Harry Watt wrote a reminiscent essay (‘You Start from Scratch in Australia’), telling how, scouting Australian stories for Ealing Studios in 1944, he heard of what had been done to get the huge outback herds out of the reach of Japanese bombers; and ‘the film was born ... So, leaving a researcher to hunt out everything she could about every cattle trek that had ever happened, I tore off to the Northern Territory with a photographer ...’. (2) That researcher, given due credit after Watt’s own name on film, was the writer Dora Birtles.

 

Briskly, Watt describes assembling his inexperienced unit of thirty-five: they were ‘artists, scientists, young documentary workers, an ex-impresario, circus hands, writers, cattlemen and a waiter’. They had to get camera and sound equipment designed and built, find their film horses, ‘which must look like racers and behave like mice’, get their wartime permits, coupons and passes. Then, out on the farflung locations, every set was built by the unit:

 

 

 

2. Harry Watt, ‘You Start from Scratch in Australia’, first published in the Penguin Film Review No. 9 (May 1949), pp. 10-16; reprinted in Albert Moran and Tom O’Regan (eds.) An Australian Film Reader (Sydney: Currency Press, 1985), pp. 88-91.

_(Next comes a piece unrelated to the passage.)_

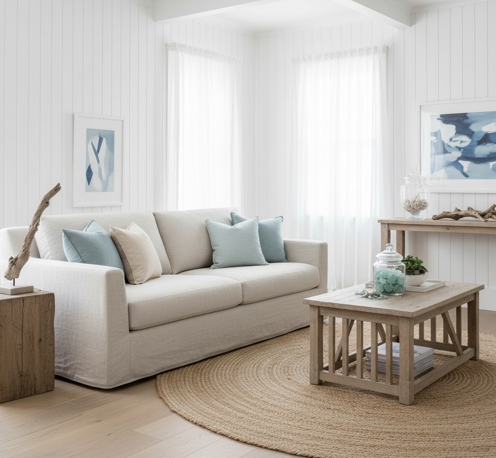 Coastal home decorating ideas evoke the serene and refreshing ambiance of the seaside, perfect for creating a relaxed and airy interior. This style typically employs a light and bright colour palette, dominated by crisp whites, soft blues, sandy beiges, and natural greens, reflecting the ocean and beach. Natural materials are paramount, including weathered wood, rattan, linen, and cotton, which add texture and an organic feel. Functionality is achieved through comfortable, durable furnishings and clever storage that keeps clutter at bay, maintaining an open, breezy feel. The mood is one of tranquil escapism and casual elegance, making it an ideal choice for house ideas for remodeling, decorating and maximizing space that feels both inviting and expansive, regardless of its actual size.

  And the production staff planted the trees, the actors and camera crew planted the scrub and the girls planted the grass ... We had five months of it. We lived in army camps, usually about 200 miles from anywhere. We saw our rushes once a fortnight on a portable projector with a screen like a postage stamp. We had, of course, a series of crises ...    

Watt talks of being ‘dog-tired’ of the endless slog, but then his essay – published in 1949 – ends in optimism: ‘We have started to put Australian films on the screens of the world ... Local feature production is on the increase’. Along the way to that hopeful prospect, he has charted a process of relentless effort, so that the film as we have it can be seen as reflecting the tough conditions of its own production. Perhaps its vigour and confidence had something to do with that mix of people, from anywhere and everywhere, who made up the unit. They represented the audience, and the audience completes the film.

 

The documentary elements keep the temperature down; they also deliver the story as one about the home front in wartime, as evidence that we played our part. The optimistic signals at the end point to a postwar Australia that isn’t wholly a man’s world – the three women among the overlanders have strong roles, on horseback and off it; but in any event it’s a white folks’ world. When this film emerged, the postwar immigration wave was just beginning to rise; meantime white people, Anglo-Australians, are perceived as the resourceful managers of a healthy, open country. They push its projects through, and the future is theirs. The history we’re watching in The Overlanders is that of a mid-century moment, a climate of feeling, in which that white Australian confidence was unequivocally possible. There, the Aborigines had their prescribed roles and places – out there, in the background and on the edges. They were helpers at best.

 

That perception is qualified only once, in the curious exchange at night when the young Englishman asks about the Aborigines’ distant singing, and the girl replies that they’re remembering another time: ‘When they were happy’.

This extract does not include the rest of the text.